Dataset extract ::
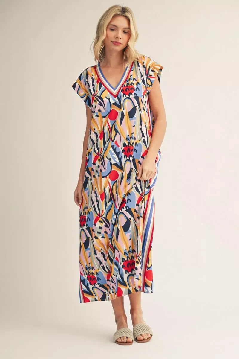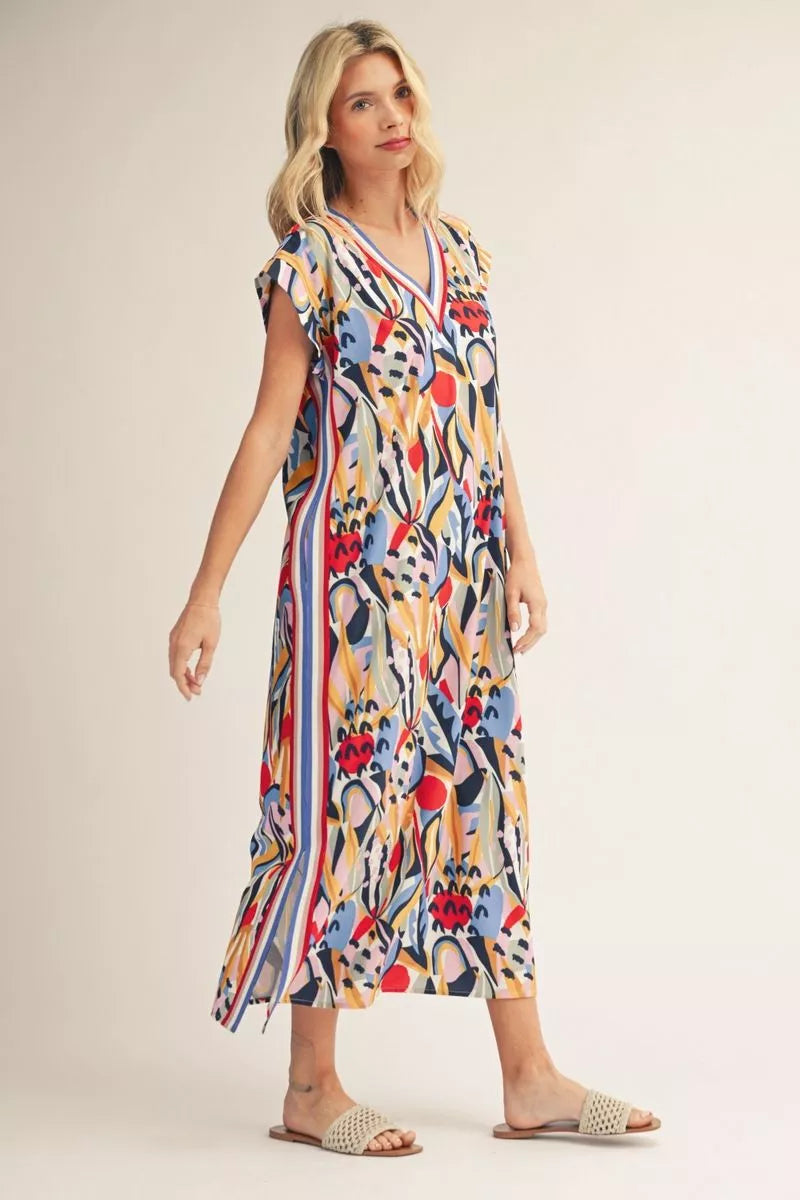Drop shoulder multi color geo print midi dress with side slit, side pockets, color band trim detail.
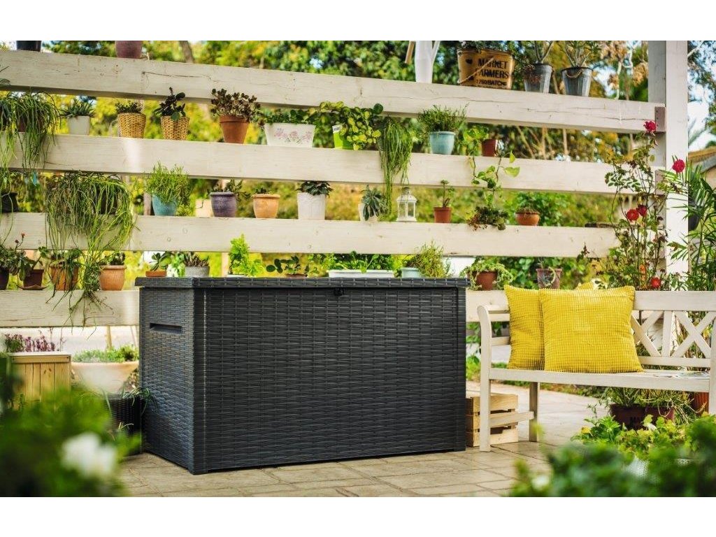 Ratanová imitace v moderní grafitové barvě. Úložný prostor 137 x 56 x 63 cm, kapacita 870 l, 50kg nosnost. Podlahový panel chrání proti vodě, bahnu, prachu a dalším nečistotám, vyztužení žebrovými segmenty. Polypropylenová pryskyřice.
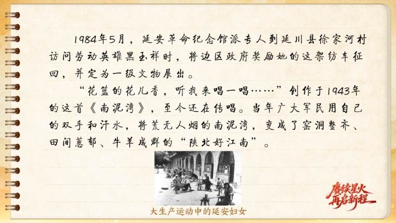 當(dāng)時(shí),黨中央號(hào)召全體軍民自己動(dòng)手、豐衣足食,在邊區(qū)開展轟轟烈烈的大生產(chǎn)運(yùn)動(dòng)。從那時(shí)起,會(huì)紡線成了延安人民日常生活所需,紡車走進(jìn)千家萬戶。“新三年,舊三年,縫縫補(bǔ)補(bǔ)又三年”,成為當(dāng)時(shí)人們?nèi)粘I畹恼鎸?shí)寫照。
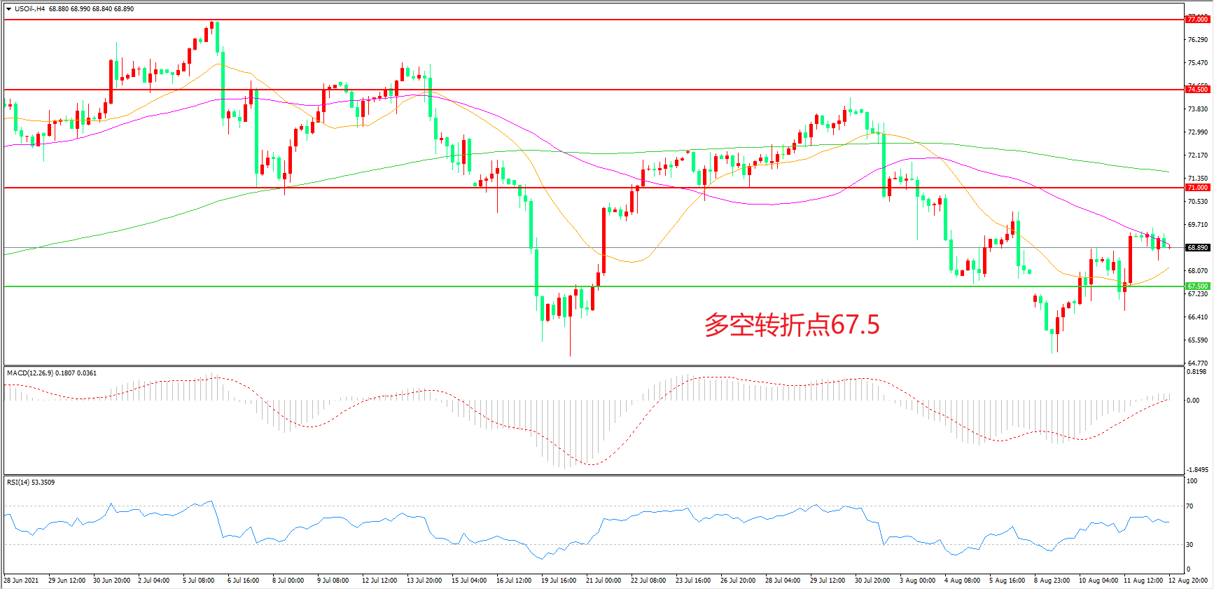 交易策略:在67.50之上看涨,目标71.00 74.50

Exercise instructions ::
The response should restate the material above word for word and contain no pictures.

Task result ::
Drop shoulder multi color geo print midi dress with side slit, side pockets, color band trim detail.
 Ratanová imitace v moderní grafitové barvě. Úložný prostor 137 x 56 x 63 cm, kapacita 870 l, 50kg nosnost. Podlahový panel chrání proti vodě, bahnu, prachu a dalším nečistotám, vyztužení žebrovými segmenty. Polypropylenová pryskyřice.
 當(dāng)時(shí),黨中央號(hào)召全體軍民自己動(dòng)手、豐衣足食,在邊區(qū)開展轟轟烈烈的大生產(chǎn)運(yùn)動(dòng)。從那時(shí)起,會(huì)紡線成了延安人民日常生活所需,紡車走進(jìn)千家萬戶。“新三年,舊三年,縫縫補(bǔ)補(bǔ)又三年”,成為當(dāng)時(shí)人們?nèi)粘I畹恼鎸?shí)寫照。
 交易策略:在67.50之上看涨,目标71.00 74.50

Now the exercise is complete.